Ralf - it is running VERY well!! 

Please explain for us why you carried out all this work on your locomotive and also show us what has been done. 

Mine, one of the first batch, has continued to run faultlessly since I got it. Apart from installing the new gas tank, my only change will be to install r/c later this year when we get back from some of our travels home to Canada and Oregon. 

Best wishes 

tac the Griper 
www.ovgrs.org


----------



## Garratts (Jan 15, 2008)

Tac, 
the reason why I build a new boiler is, 
the loco was very weak. 
You have to fire the burners on full power to get some steam for climbing 3% grades. 
That’s also the reason why the steam tube under the smokebox will be burned. 
Here are some pics what I have done: 
http://www.buntbahn.de/fotos/data/7259/40Bild_133.jpg 
http://www.buntbahn.de/fotos/data/7259/40Bild_134.jpg 
http://www.buntbahn.de/fotos/data/7259/40DSC00201.JPG 
http://www.buntbahn.de/fotos/data/7259/40DSCN2549.JPG 
http://www.buntbahn.de/fotos/data/7259/40DSCN2555.JPG 
http://www.buntbahn.de/fotos/data/7259/40DSCN2550.JPG 
http://www.buntbahn.de/fotos/data/7259/40DSCN2553.JPG 
http://www.buntbahn.de/fotos/data/7259/40DSCN2544.JPG 
http://www.buntbahn.de/fotos/data/7259/40DSCN2546.JPG 
And new O-rings for the pistons. 
Kind Regards 
Ralf


----------



## weatherman (Feb 18, 2008)

Hi there 

I hope you dont mind me posting my news here. 
I was having problems running my Garratt (second batch) and was not enthused by the whole fuss of adding the gas, then warm water to the bath... then of course heating up the boiler which as we know is very large 
On cold days it proved to be a battle to get pressure up and after only a few laps of track the gas was running low, whoch meant draining the water from the bath and starting all over again..... 

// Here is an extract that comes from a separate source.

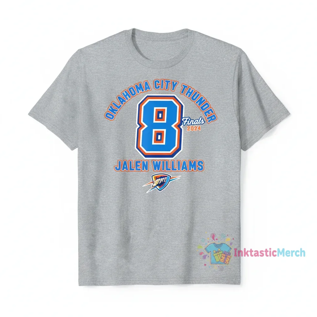 Show your unwavering support for the Oklahoma City Thunder and star player Jalen Williams with this premium NBA Finals-themed t-shirt, featuring his iconic #8 and name. This shirt is the perfect way for any dedicated fan to commemorate a significant season and showcase their team spirit. Designed for comfort and style, it’s an essential addition to your game-day wardrobe or casual wear, celebrating Jalen Williams’ impactful presence on the court during the NBA Finals. Represent your favorite team and player with this high-quality fan apparel.

I ran an idea by the supplier about running a bypass solution for the gas and he agreed in principle it was fine. 
So I purchased another gas regulator and installed it into the tender alongside the original. 
This was then connected to a pipe which runs under and out the back of the tender onto which a stadard gas can / airbrush hose screws. 
Now I can run from a large Butane can in a trailing wagon and if need be can simply revert back to the on board one. 

It still seemed to have a lack of power and we discovered the second burner was not staying alight. 
After a discussion we removed the collars from the burners to allow fuller flow of air and WOW what a difference. 
For the first time it easily came up to and maintained 100psi 

I was able to have a run of a few hours and only had to keep an eye on the water and steam oil .... plus of course the water in the wagon around the gas can is emptied much easier that the loco 

I shot some nice video and popped that on you-tube... 

http://www.youtube.com/watch?v=j6RLZFJeg2k 

Hope you like it and that this has not been intrusive 
kind regards 
Mike


----------



## tacfoley (Jan 3, 2008)

Beautiful track and beautiful garden to run it in....what a performer the loco is when driven properly with a BIG consist. 

The evening shots are spell-binding. 

Many thanks. 

And welcome to MLS!!! 

tac


----------



## weatherman (Feb 18, 2008)

Hi there 
Thanks for the kind response, glad to make your aquaintance 

It's not my track but I am lucky to know the owner... 
Now I've got it performing better I cannot wait to run her again ! 

Hopefully people will find the conversion intersting and maybe helpful, I've seen other ways people have adapted the gas supply to make it perform better, this was just my idea which seemed to make life easier.


----------